RECORDED DATA:
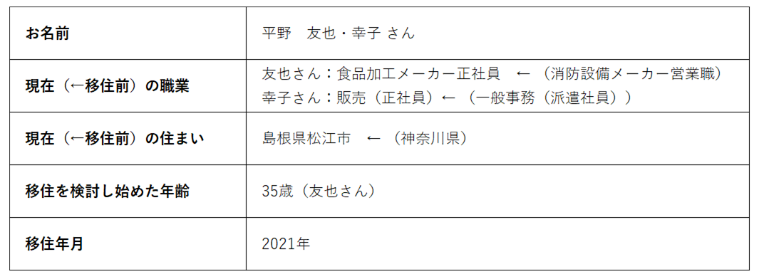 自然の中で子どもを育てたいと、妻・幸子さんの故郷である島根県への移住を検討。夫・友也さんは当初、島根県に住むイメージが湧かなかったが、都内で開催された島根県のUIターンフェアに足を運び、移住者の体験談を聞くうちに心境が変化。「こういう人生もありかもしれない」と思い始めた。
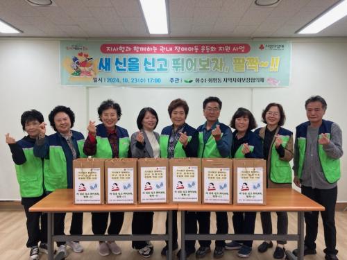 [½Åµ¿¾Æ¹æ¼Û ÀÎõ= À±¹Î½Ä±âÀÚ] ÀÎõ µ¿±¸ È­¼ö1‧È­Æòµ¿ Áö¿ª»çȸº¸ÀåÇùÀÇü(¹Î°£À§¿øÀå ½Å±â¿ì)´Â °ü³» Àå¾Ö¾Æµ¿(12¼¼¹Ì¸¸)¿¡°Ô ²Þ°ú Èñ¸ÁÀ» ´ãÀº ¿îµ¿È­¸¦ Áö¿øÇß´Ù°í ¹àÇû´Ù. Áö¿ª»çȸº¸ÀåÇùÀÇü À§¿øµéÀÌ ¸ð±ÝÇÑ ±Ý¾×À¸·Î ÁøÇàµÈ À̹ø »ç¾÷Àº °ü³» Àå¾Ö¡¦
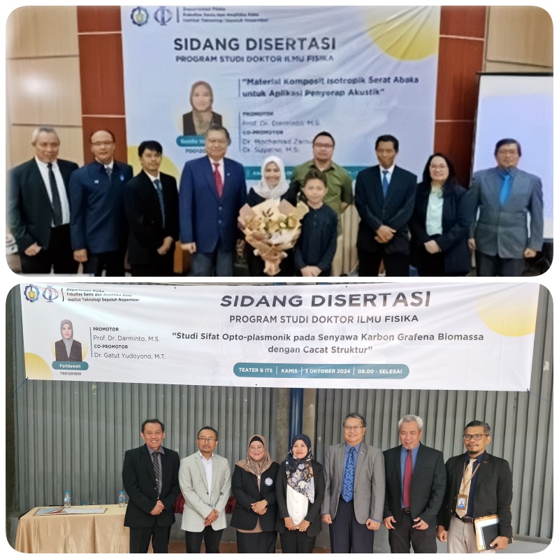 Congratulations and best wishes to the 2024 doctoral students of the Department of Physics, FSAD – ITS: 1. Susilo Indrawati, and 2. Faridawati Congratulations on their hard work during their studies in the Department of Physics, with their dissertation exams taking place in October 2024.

WORK TASK:
Write the listing out exactly, word for word, but omit the pictures.

SOLUTION FOR THIS EXERCISE:
 自然の中で子どもを育てたいと、妻・幸子さんの故郷である島根県への移住を検討。夫・友也さんは当初、島根県に住むイメージが湧かなかったが、都内で開催された島根県のUIターンフェアに足を運び、移住者の体験談を聞くうちに心境が変化。「こういう人生もありかもしれない」と思い始めた。
 [½Åµ¿¾Æ¹æ¼Û ÀÎõ= À±¹Î½Ä±âÀÚ] ÀÎõ µ¿±¸ È­¼ö1‧È­Æòµ¿ Áö¿ª»çȸº¸ÀåÇùÀÇü(¹Î°£À§¿øÀå ½Å±â¿ì)´Â °ü³» Àå¾Ö¾Æµ¿(12¼¼¹Ì¸¸)¿¡°Ô ²Þ°ú Èñ¸ÁÀ» ´ãÀº ¿îµ¿È­¸¦ Áö¿øÇß´Ù°í ¹àÇû´Ù. Áö¿ª»çȸº¸ÀåÇùÀÇü À§¿øµéÀÌ ¸ð±ÝÇÑ ±Ý¾×À¸·Î ÁøÇàµÈ À̹ø »ç¾÷Àº °ü³» Àå¾Ö¡¦
 Congratulations and best wishes to the 2024 doctoral students of the Department of Physics, FSAD – ITS: 1. Susilo Indrawati, and 2. Faridawati Congratulations on their hard work during their studies in the Department of Physics, with their dissertation exams taking place in October 2024.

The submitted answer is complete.